───── Records to process

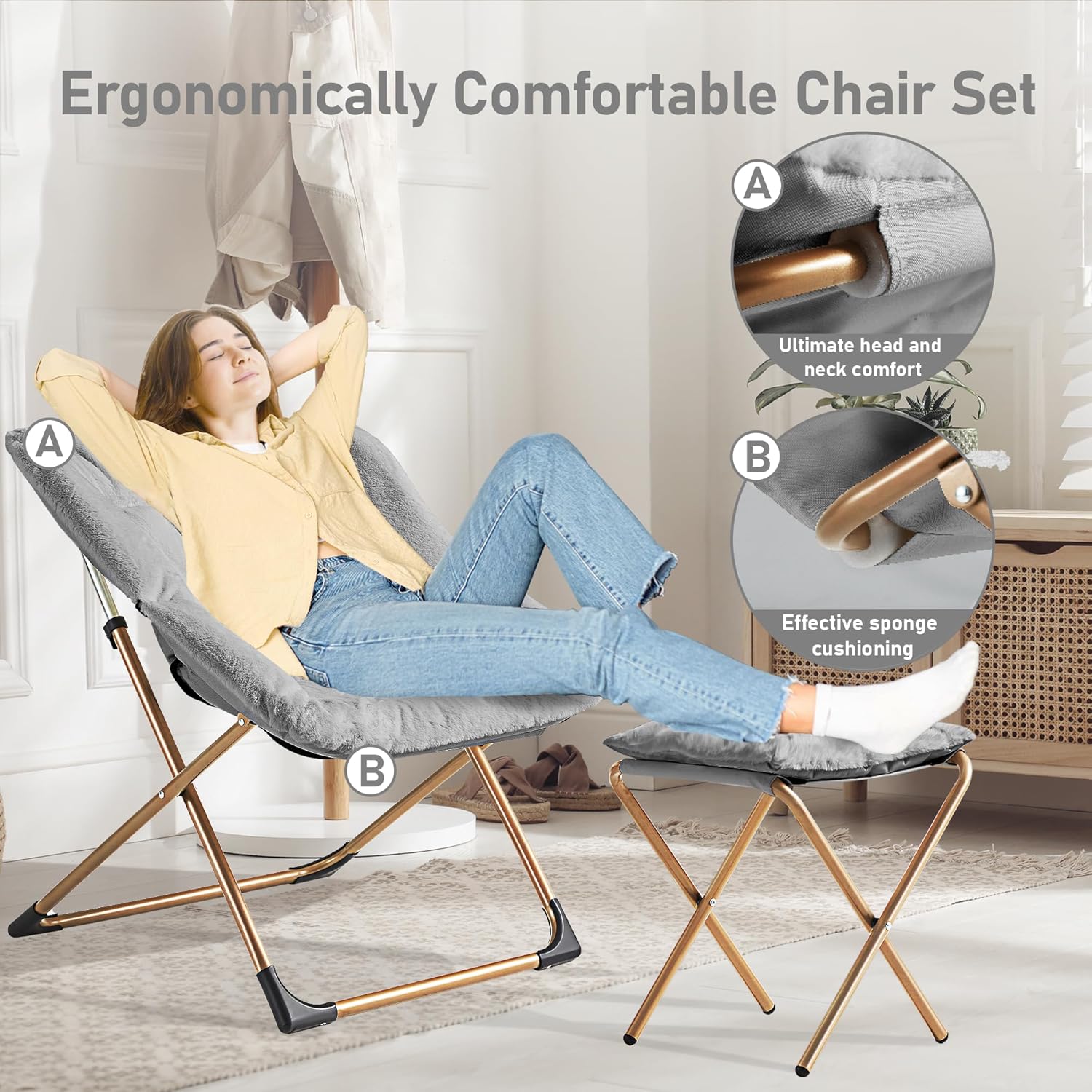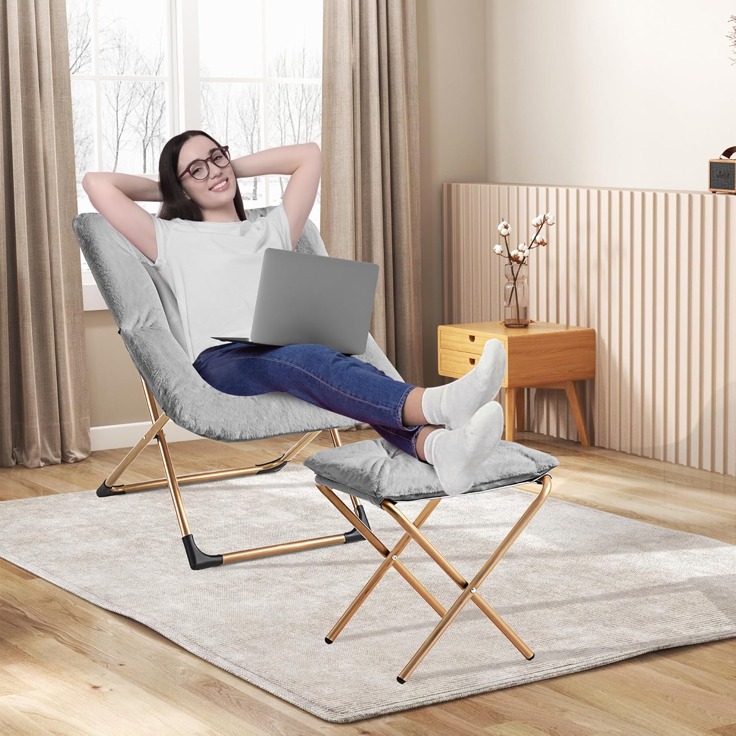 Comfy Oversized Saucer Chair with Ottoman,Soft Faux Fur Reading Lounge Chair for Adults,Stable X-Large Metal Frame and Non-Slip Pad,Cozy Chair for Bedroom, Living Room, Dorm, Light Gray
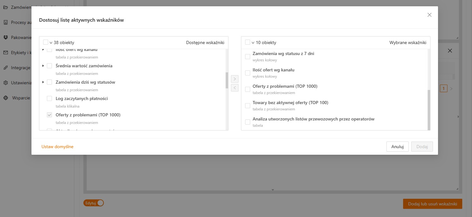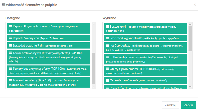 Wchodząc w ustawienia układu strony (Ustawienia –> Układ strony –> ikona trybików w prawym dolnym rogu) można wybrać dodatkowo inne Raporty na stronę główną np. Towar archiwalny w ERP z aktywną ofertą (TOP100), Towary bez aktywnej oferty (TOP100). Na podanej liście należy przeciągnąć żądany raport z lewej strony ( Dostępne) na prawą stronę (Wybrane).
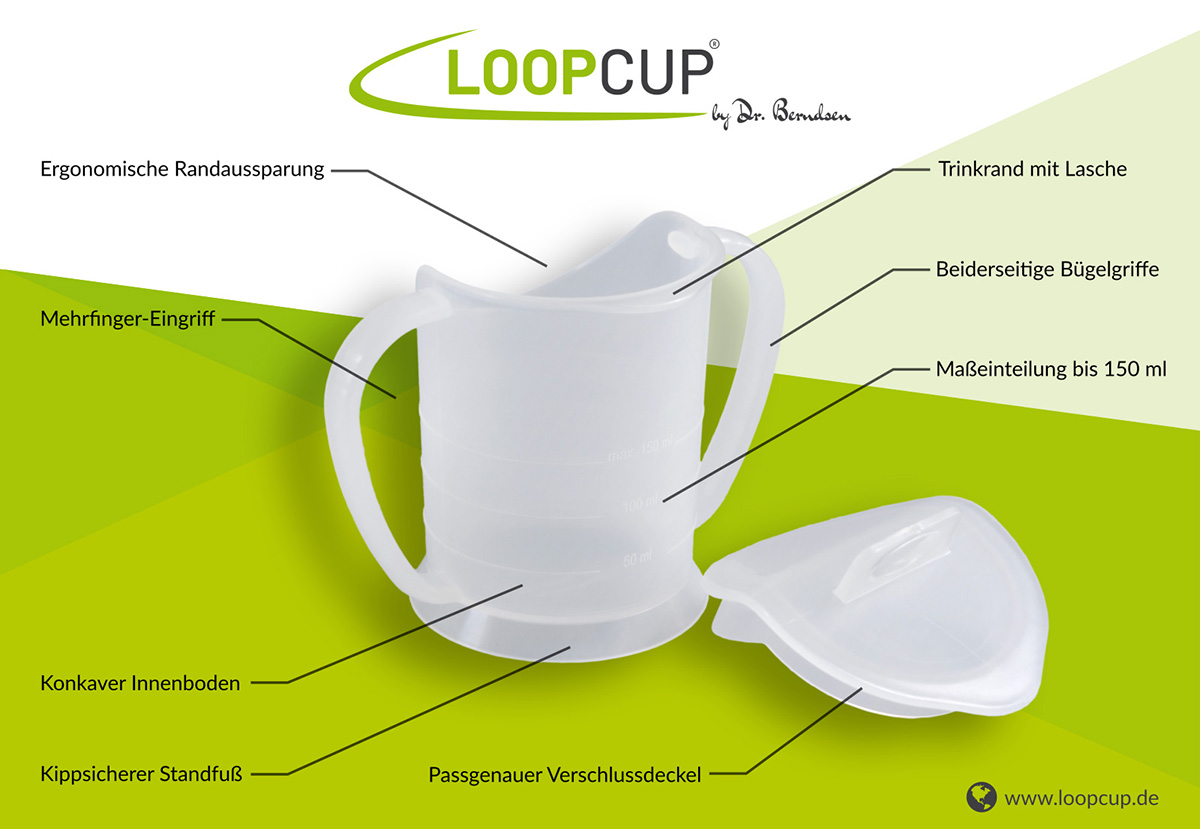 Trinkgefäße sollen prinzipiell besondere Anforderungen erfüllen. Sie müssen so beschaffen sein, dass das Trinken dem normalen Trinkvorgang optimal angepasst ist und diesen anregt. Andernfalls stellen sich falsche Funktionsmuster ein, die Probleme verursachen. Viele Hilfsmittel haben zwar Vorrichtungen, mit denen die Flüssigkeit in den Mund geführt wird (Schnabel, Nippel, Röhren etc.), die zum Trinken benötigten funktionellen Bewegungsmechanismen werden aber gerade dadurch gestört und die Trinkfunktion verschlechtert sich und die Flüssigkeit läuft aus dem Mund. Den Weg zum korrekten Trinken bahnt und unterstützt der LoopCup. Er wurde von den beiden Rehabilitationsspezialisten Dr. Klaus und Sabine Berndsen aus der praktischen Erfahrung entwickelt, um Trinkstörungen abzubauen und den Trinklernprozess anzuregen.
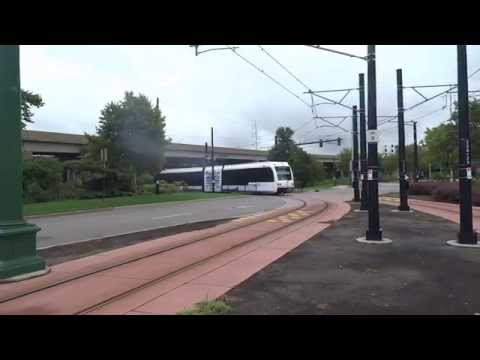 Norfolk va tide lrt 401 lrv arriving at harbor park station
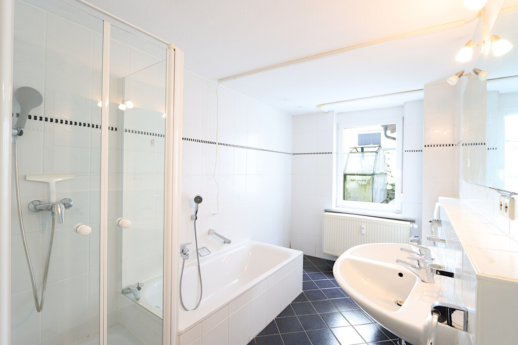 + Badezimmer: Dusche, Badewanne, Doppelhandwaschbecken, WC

──────────
───── Records to process

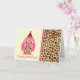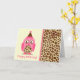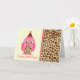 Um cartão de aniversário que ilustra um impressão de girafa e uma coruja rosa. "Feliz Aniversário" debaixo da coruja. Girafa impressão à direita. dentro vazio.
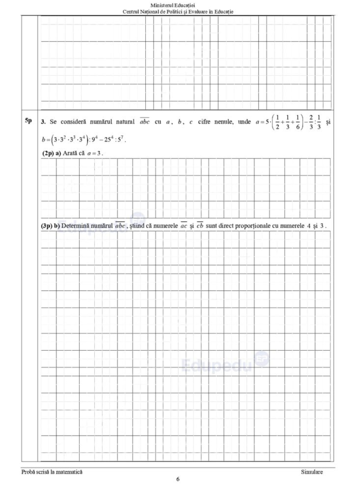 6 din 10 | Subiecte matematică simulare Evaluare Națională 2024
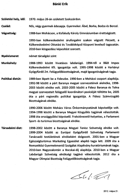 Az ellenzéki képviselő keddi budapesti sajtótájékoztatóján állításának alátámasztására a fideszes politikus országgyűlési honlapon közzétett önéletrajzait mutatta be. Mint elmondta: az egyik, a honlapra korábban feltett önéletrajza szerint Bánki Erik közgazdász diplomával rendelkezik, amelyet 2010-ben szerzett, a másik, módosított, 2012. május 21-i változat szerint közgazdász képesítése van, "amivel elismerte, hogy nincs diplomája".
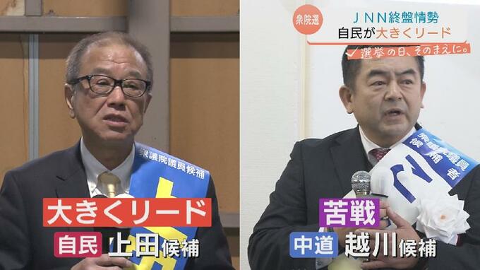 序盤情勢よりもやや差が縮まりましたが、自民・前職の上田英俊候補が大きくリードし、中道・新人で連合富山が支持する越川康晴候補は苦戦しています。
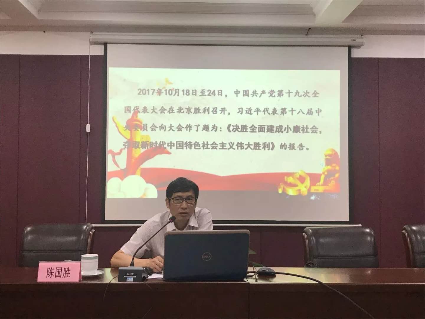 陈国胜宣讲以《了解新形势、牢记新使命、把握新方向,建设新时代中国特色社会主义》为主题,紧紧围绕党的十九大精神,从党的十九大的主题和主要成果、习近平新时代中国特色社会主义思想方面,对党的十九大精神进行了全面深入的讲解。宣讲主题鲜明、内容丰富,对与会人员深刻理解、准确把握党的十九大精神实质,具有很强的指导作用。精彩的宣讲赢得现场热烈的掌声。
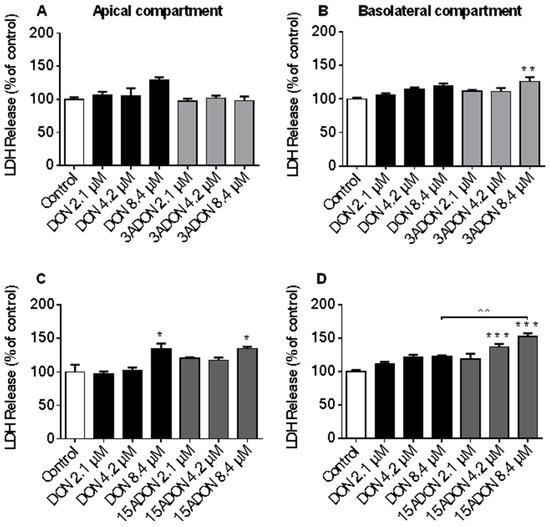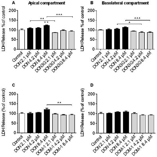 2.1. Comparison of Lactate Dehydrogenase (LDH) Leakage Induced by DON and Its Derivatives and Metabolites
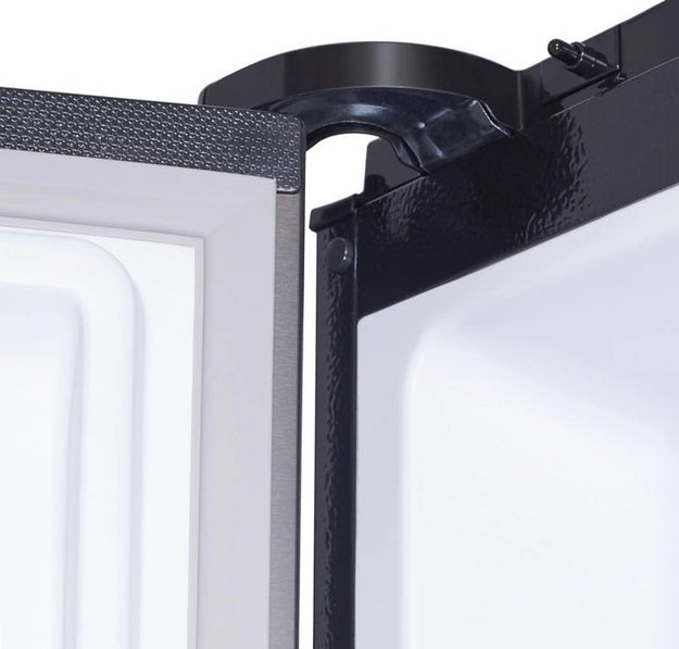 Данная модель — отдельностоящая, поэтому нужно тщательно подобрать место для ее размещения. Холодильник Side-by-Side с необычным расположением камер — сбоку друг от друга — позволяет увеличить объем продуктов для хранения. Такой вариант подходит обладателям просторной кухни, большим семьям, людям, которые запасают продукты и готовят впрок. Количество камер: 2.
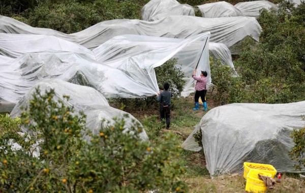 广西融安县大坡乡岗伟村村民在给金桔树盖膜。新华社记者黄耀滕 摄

──────────

**Exercise description**
Starting at the line containing "Um cartão de" and stopping at the line containing "6 din 10 | Subiecte", output each line exactly as it appears above. Leave out the pictures.

**Task result**
 Um cartão de aniversário que ilustra um impressão de girafa e uma coruja rosa. "Feliz Aniversário" debaixo da coruja. Girafa impressão à direita. dentro vazio.
 6 din 10 | Subiecte matematică simulare Evaluare Națională 2024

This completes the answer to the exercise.